I have covered enough AI-and-jobs stories to expect one version of events: the machine gets better, the headcount gets smaller, the survivors get worked harder for the same money. So it is worth sitting with a finding that cuts against that story. PwC's 2026 Global AI Jobs Barometer, built on more than a billion job ads across 27 countries and territories, sorts companies into AI exposure quartiles using sector tagging and the occupational tasks in their job postings. By that measure, the companies most exposed to AI are not shedding people. They are hiring more of them, and paying more too.
Since 2018, headcount at the most AI-exposed companies has grown 52 percent, against 36 percent at the least exposed. Productivity, measured as revenue per employee, which PwC calls turnover, grew about 40 percent faster in the same group. Wages rose 24 percent versus 17 percent. Joe Atkinson, PwC's global chief AI officer, frames it as a fork in the road: "The companies seeing the greatest returns on AI are using it to amplify human expertise, accelerate innovation and create entirely new sources of value. As a result, they are pulling further ahead on productivity and growth than companies that focus primarily on automation."
That is the headline PwC wants you to carry away, and on the numbers above it holds. But stay with the report past the headline and it tells a second story, one PwC put in its own findings deck without quite saying it out loud.
Inside the most AI-exposed quartile, PwC isolated the top 20 percent of companies by productivity growth and called them the superstars. Their productivity grew 163 percent since 2018, nearly five times the average for AI-exposed firms as a whole. Their wage growth ran to 68 percent, against 24 percent for the exposed quartile overall. Their headcount growth, though, was 44 percent, a figure PwC states outright in a callout on the headcount chart of its findings report, page 13, only slightly below the 52 percent recorded for the whole exposed group. Read that again: the companies capturing almost all the productivity gain and almost all the wage gain are not the ones doing a disproportionate share of the hiring. The hiring is spread fairly evenly across every AI-exposed firm that made the cut. The money is not.

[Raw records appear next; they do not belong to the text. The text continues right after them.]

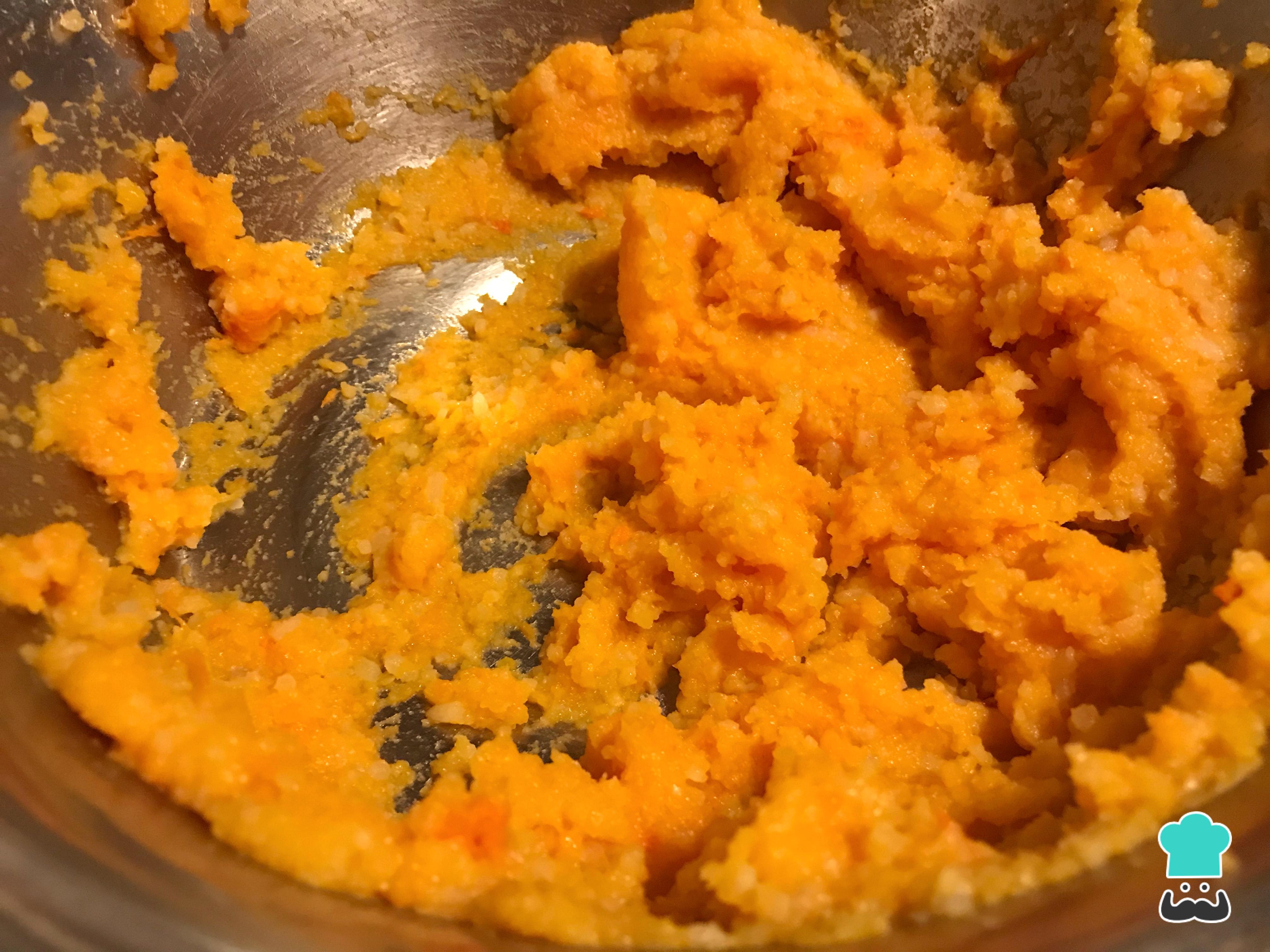 Procesa la calabaza cocida con el arroz condimentado y prueba la masa. Una vez que estés conforme con el sabor, lleva la preparación a la heladera aproximadamente unos 10 minutos y pasado ese tiempo, agrega la cucharada de harina.
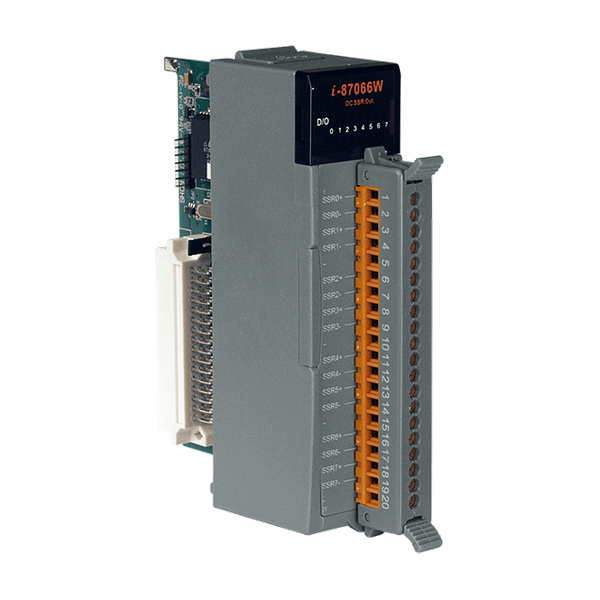 Moduł I-87066W oferuje 8 wyjściowych kanałów przekaźnika półprzewodnikowego DC (SSR). W porównaniu do przekaźników elektromagnetycznych, technologia SSR zapewnia szybszy czas reakcji i większą wytrzymałość elektryczną. Integracja technologii DC SSR eliminuje również potencjalne problemy z iskrzeniem, odbijaniem i hałasem przełączania. I-87066W posiada 8 wskaźników LED, które mogą być używane do monitorowania stanu wyjść SSR, a także dostępne są opcje konfigurowania wartości przy włączeniu oraz wartości bezpiecznych. Moduł zapewnia również ochronę ESD 4 kV i 3000 VDC izolację wewnętrzną modułu, co zwiększa jego odporność na zakłócenia w trudnych warunkach przemysłowych.Zastosowania
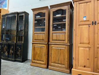 Tall Wooden Bookend Cabinets with Glass Doors and Brass Accents (Set of 2)$149Seatac, WA
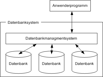 In den 1960er Jahren wurde daher als neues Konzept eine separate Softwareschicht zwischen Dateiverwaltung und Anwenderprogramm eingeführt. Ein Datenbanksystem - bestehend aus dem Datenbankmanagementsystem (DBMS) und den Datenbanken - repräsentiert dieses Konzept.

That is the actual shape of the "superstar effect," and it matters because it answers the question the lead figures dodge. Do AI's gains concentrate or spread? Both, but not in the same place. Headcount spreads. Pay and productivity pool at the top fifth. If you work at an AI-exposed company, the odds that firm is adding jobs rather than cutting them have risen across the board, not just at the very top. Whether you are one of the people whose wage grew 68 percent or one of the people whose employer merely says the average is up 24 percent is a separate question this data cannot answer, because it is reported at the company level, not the worker level.
PwC's own findings report admits a further wrinkle: the analysis only includes firms with financial data in both 2018 and 2024 or 2025, which means every company that closed, shrank below the threshold, or got bought out along the way is invisible. "The key interpretation is therefore the relative difference in headcount growth between more and less AI-exposed companies," the report says, "rather than the absolute growth rate compared with the broader economy." That is a careful way of saying: this measures who survived and won, not what AI does to a labor market as a whole.
None of that makes the top-line finding false. It makes it partial, the way most good news about work usually is. The companies exposed to AI are hiring, and they are paying more on average. The honest addition is the question I keep asking of every number like this: who benefits, and who is just carrying the average on their back. That average is doing a lot of the same work averages always do: hiding who actually cashed in.